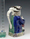 A very clean and vibrantly decorated Toby jug. The figure is holding a cup and pitcher and modelled seated on a sponge decorated base, the interesting handle is in the form of a caryatid .
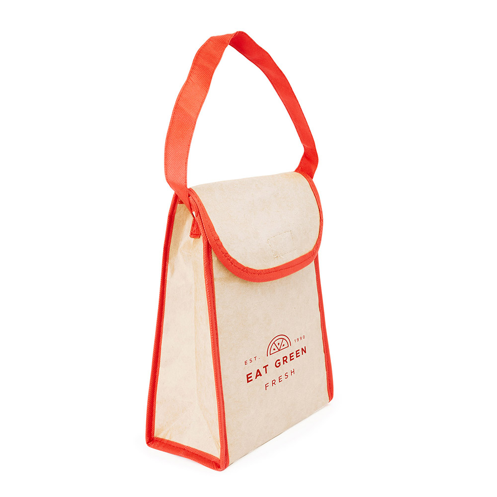 Bolsa nevera de papel laminado, con interior isotérmico de aluminio y espuma aislante de 2 mm. Asa de 60 cm. y solapa con cierre de velcro. Ribete de la bolsa y asa en color a juego.
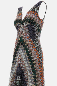 Long dress with knotted neckline Fabric crafted from lame viscose, in zigzag lace Sleeveless Fully lined Multicoloured Made in Italy Details and Care Color: Multicolore Composition: 52%VI 39%CO 9%ME Made in: Italia Sku: DS26SG1SBR014ZS72OW
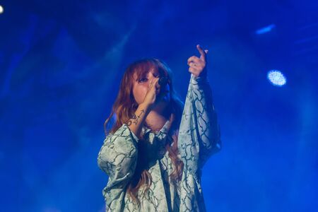 FARO, PORTUGAL: 7th SEPTEMBER, 2019 - Pop Rock band, Carolina Deslandes, performs on Festival F, a big festival on the city of Faro, Portugal.

▶ To do
Exact repetition is the task: every line from the start of the data to the line with "Bolsa nevera de", inclusive, and none after it, pictures omitted.

▶ Response to this task
 A very clean and vibrantly decorated Toby jug. The figure is holding a cup and pitcher and modelled seated on a sponge decorated base, the interesting handle is in the form of a caryatid .
 Bolsa nevera de papel laminado, con interior isotérmico de aluminio y espuma aislante de 2 mm. Asa de 60 cm. y solapa con cierre de velcro. Ribete de la bolsa y asa en color a juego.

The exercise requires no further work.